Of those, one penalty was reversed and three were dismissed by the commission because of an agreement between the parties or because the parties failed to show up for a hearing. In three cases, the commission reduced the number of days of suspension or reduced the penalty to suspension from revocation. Three penalties were affirmed outright.
”Whether a death resulted or didn`t, the sale to minors is illegal,”
Adinamis said. ”But people see the emotional side of things, and they get all hot and bothered. The commission can`t just see a sale to minors and be a rubber stamp for the mayor,” who in most municipalities acts as the local liquor commissioner.
Said Froehlich, of the Alliance Against Intoxicated Motorists, ”There`s a significant number of alcohol dealers who are selling to minors and doing it deliberately.”
State officials contend the problem isn`t theirs alone.

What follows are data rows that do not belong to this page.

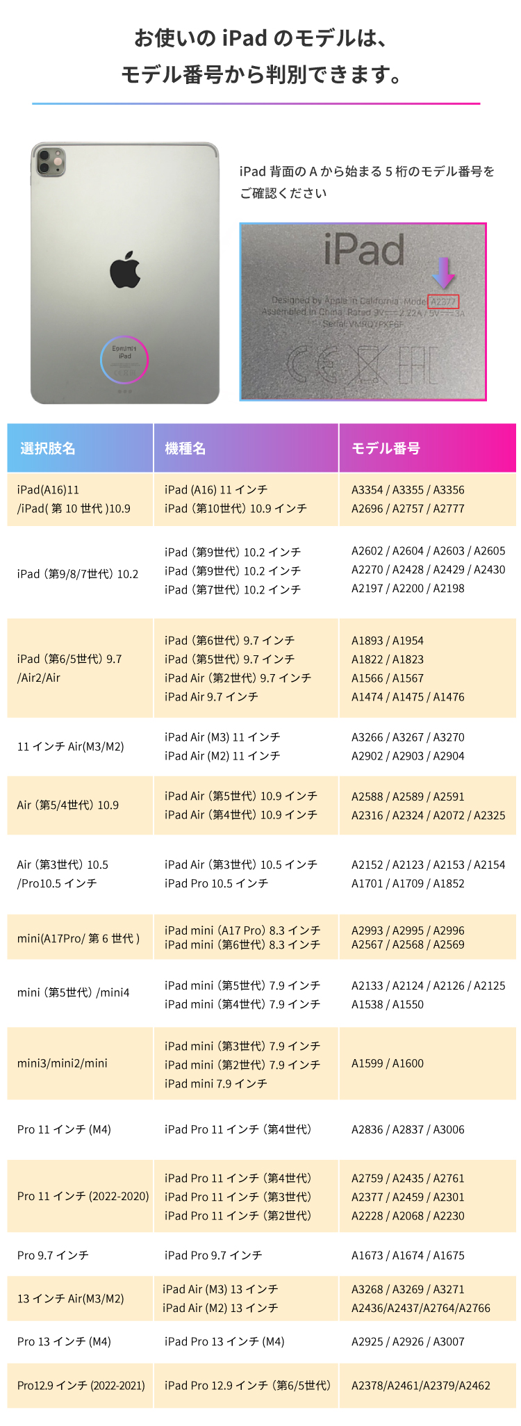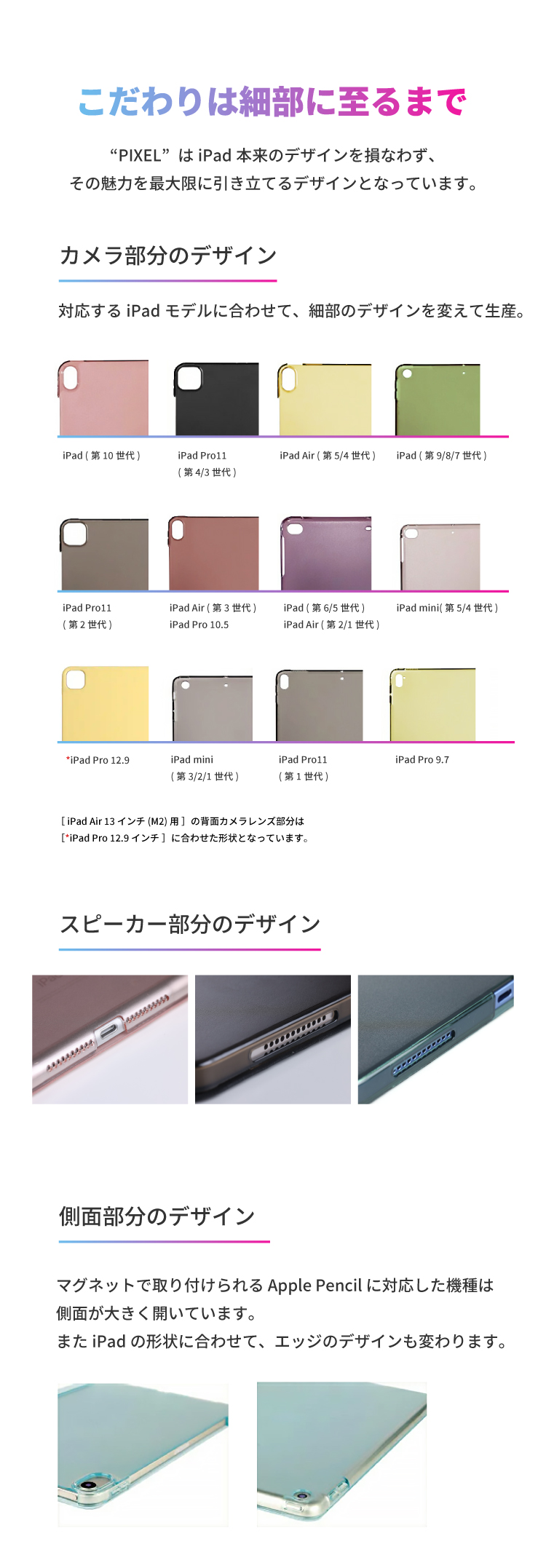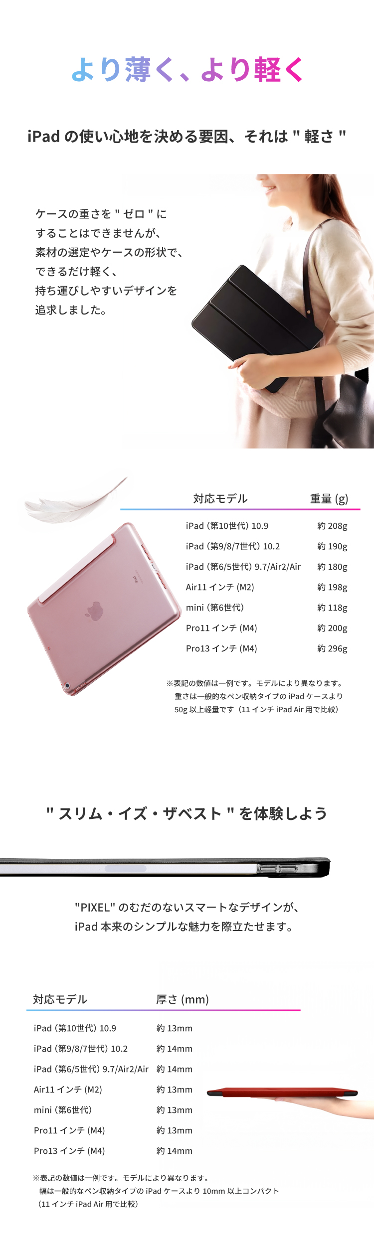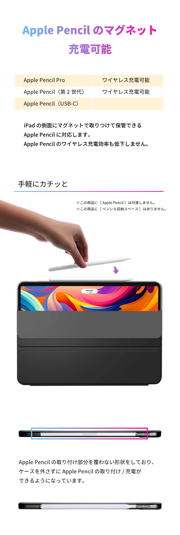フロントカバーに内蔵された複数のマグネットにより、タイピングや動画視聴などiPadを立ててご使用の際、安定したスタンド機能をご利用いただけます。
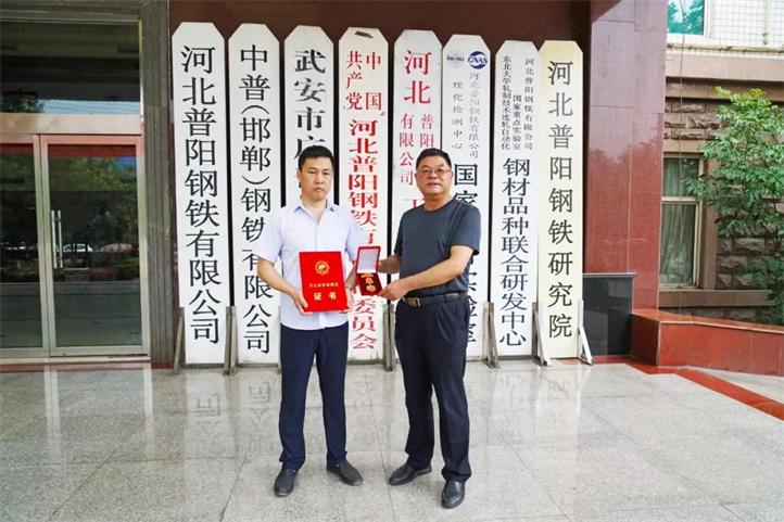 7月17日上午,武安市工會常務副主席王啟良領導一行來到普陽鋼鐵,為普陽黨委副書記、總經(jīng)理石躍強頒發(fā)“河北省勞動模范”獎章及榮譽證書。公司總經(jīng)理石躍強和辦公室主任楊建軍進行了熱情接待。
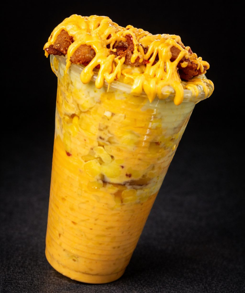 Queso costeño, queso mozzarella, queso cheddar y maíz tierno.
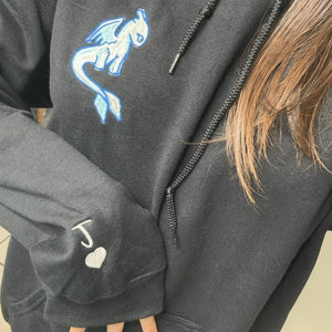 Hem Custom Embroidered Matching Couple Hoodies For Valentine ideas,Custom Cartoon Toothless x Light Fury Couples Embroidered Hoodie
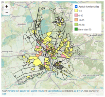 RondomIsoleren is een bedrijf in Utrecht dat onder andere vloerisolaties uitvoert met duurzame materialen. Zij willen graag laten zien waar ze dat werk uitvoeren, zonder natuurlijk privacy-gevoelige data online te zetten. Ook hier kan een heel eenvoudig kaartje een mooie oplossing bieden. In deze kaart heb ik hun data geaggregeerd naar CBS-buurtniveau. Voor de herkenbaarheid heb ik een achtergrondkaart van OpenStreetMap gebruikt.
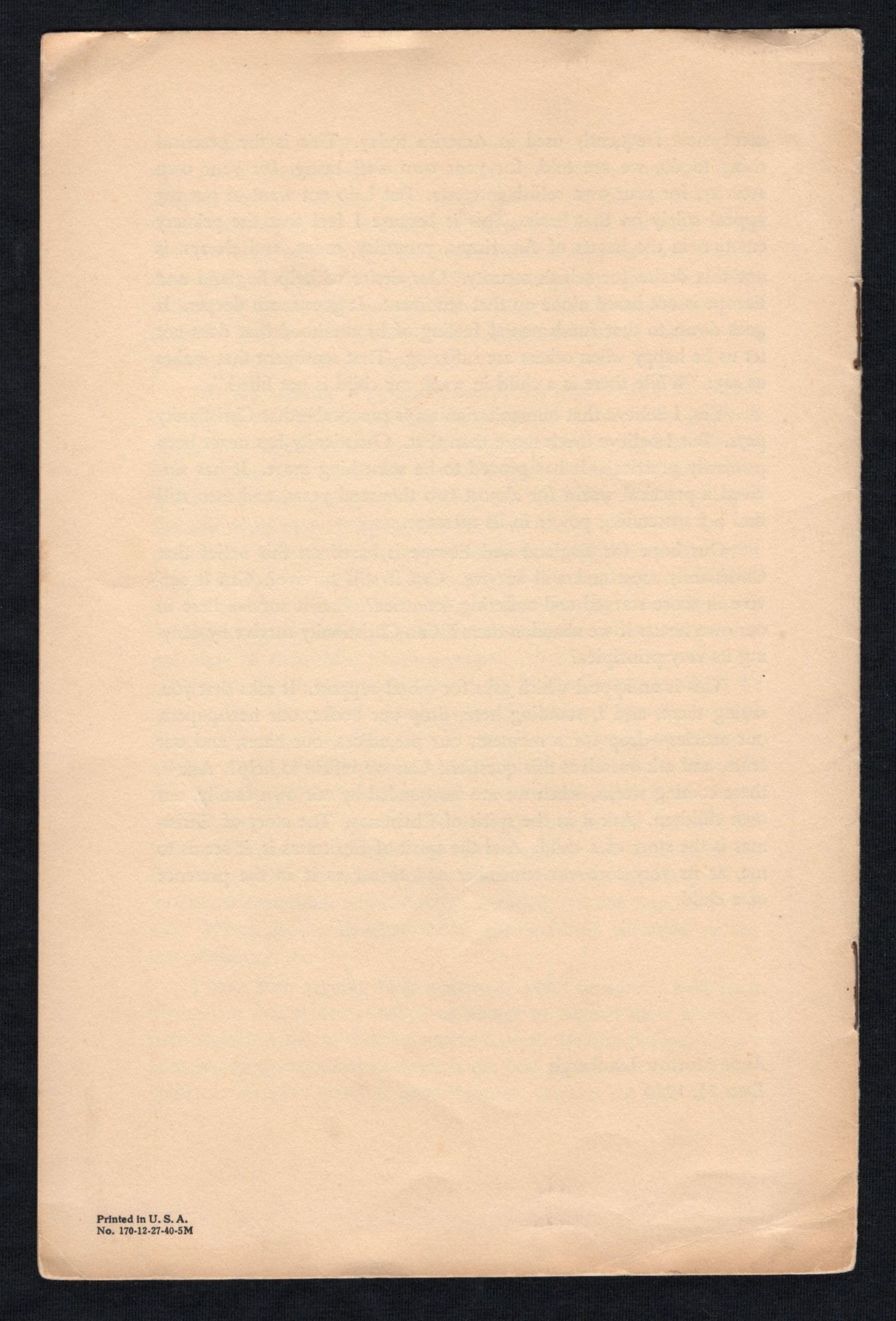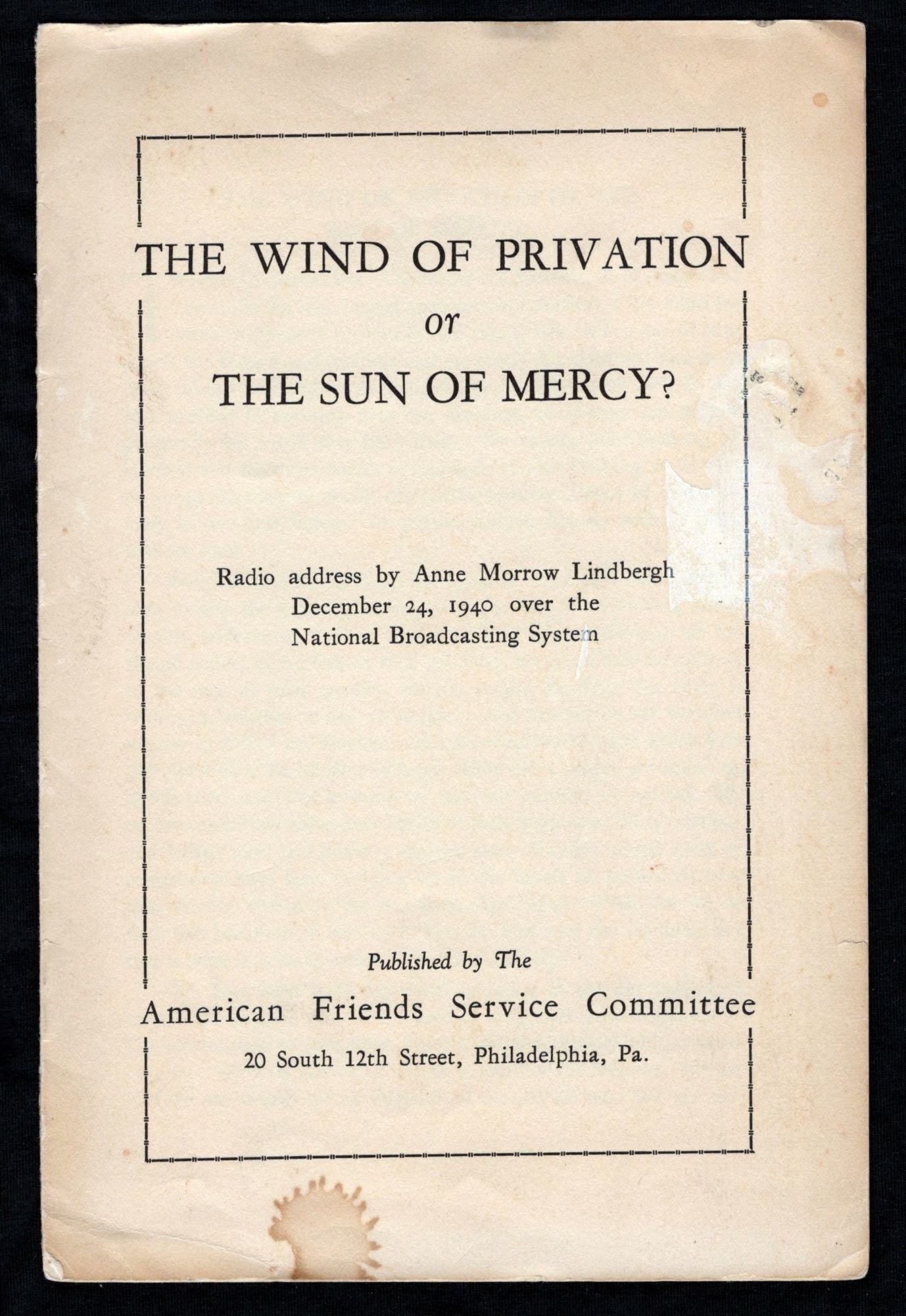 Philadelphia, PA: American Friends Service Committee, 1940. Minor stains and missing surface litho on front. Staples rusted.. Anne Morrow Lindbergh (1906-2001) was an American author and aviator. However her and her husband, Charles Lindbergh, are perhaps most well-known as the parents of Charles A. Lindbergh Jr., a baby who in 1932 was kidnapped for ransom from their home and later murdered. The booklet is the transcript of a radio address given by Anne on December 24, 1940, on behalf of the American Friends Service Committee (AFSC). The address was an appeal to America to help fund charity efforts to feed the citizens of Europe, who, by that time had been embroiled in WWII for little over a year. Anne argued for helping the civilians, particularly the women and children, not just in our allied countries, such as England and France, but also the people within the countries who had been conquered by Germany. She called this a "Christian duty", and furthermore, she argued against the notion that by feeding the citizens of the countries conquered by Germany, one was helping the enemy. She even took it one step further by stating that if American citizens didn't feed these people, and Germany did, Germany was more likely to win the hearts of the conquered citizens for no more than the cost of a loaf of bread. Anne was perhaps an unlikely choice for this address as it should be noted that Anne and her husband, Charles, had become enamored with Germany and Hitler, after they had moved to Europe to escape the media attention following the conclusions of the murder trial for their eldest son. The pair advocated for a US-Germany Non-Aggression Treaty and Anne published a short booklet in 1940 entitled "Wave of the Future" which argued for Fascism. The Roosevelt administration would call the booklet "the bible of every American Nazi, Fascist, Bundist and Appeaser." The couple did change their view points after the attack on Pearl Harbor. 5 pgs. Printed wrappers. Staple binding. OCLC 5 (Nov. 2020). Measures 9" x 6
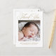 Tarjeta postal de agradecimiento para bebé con elegante caligrafía dorada que incluye tres fotos del nuevo bebé, junto con elegante caligrafía, y todos los datos del bebé. La parte trasera tiene espacio suficiente para tu nota de agradecimiento.
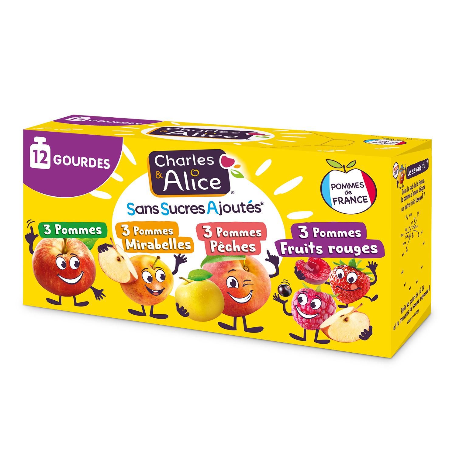 Pommes : Purée de pommes 99,9%, antioxydant: acide ascorbique. Pommes Mirabelles : Purée de pommes 79,8%, purée de mirabelles 20%, arôme naturel de mirabelle, antioxydant: acide ascorbique. Pommes Pêches : Purée de pommes 69,7%, purée de pêches 30%, arôme naturel de pêche, antioxydant: acide ascorbique. Pommes Fruits rouges : Purée de pommes 87,6%, purée de cerises 5%, purée de fraises 3%, purée de cassis 2%, purée de framboises 2%, arôme naturel, jus concentré de carotte pourpre, antioxydant: acide ascorbique.

”Local officials have the primary and the front-line authority in enforcing liquor-control laws,” said James Long, director of the Illinois Department of Alcoholism and Substance Abuse. ”There`s no question in my mind that there are communities who don`t take seriously enough the question of letting minors buy alcohol.
”That is the bigger problem. Unless that attitude is there that we`re not going to let kids drink alcohol, we`re not going to win the battle.”
Seeking to win the war, many parents in the last few years have formed networks in which they agree to prohibit minors from drinking alcoholic beverages or using drugs in their homes. Often, though, the efforts fail because some parents are reluctant to call one another and ensure the pledge is being followed.
But such failures do not deter other parents faced with the deaths of their children and their children`s classmates in alcohol-related crashes.
In Barrington, for instance, residents created a phone directory of parents last winter after 17-year-old Adam Hoyt, a popular football player, died in a drunken-driving accident.
While realizing the pitfalls of similar efforts, Debbie Villers, a leader of District 220`s parent-teacher organization, said the Barrington program looks promising.
”Most people want some guidelines. It`s a dangerous age,” Villers said. ”We`ve suffered last year here in town. We had our own tragedy. Now they`ve had one in Mt. Prospect. And I hope it makes a difference. I hope it counts for something.
”The year has gone by. But we haven`t forgotten. I don`t want to have to take my son to a funeral again.”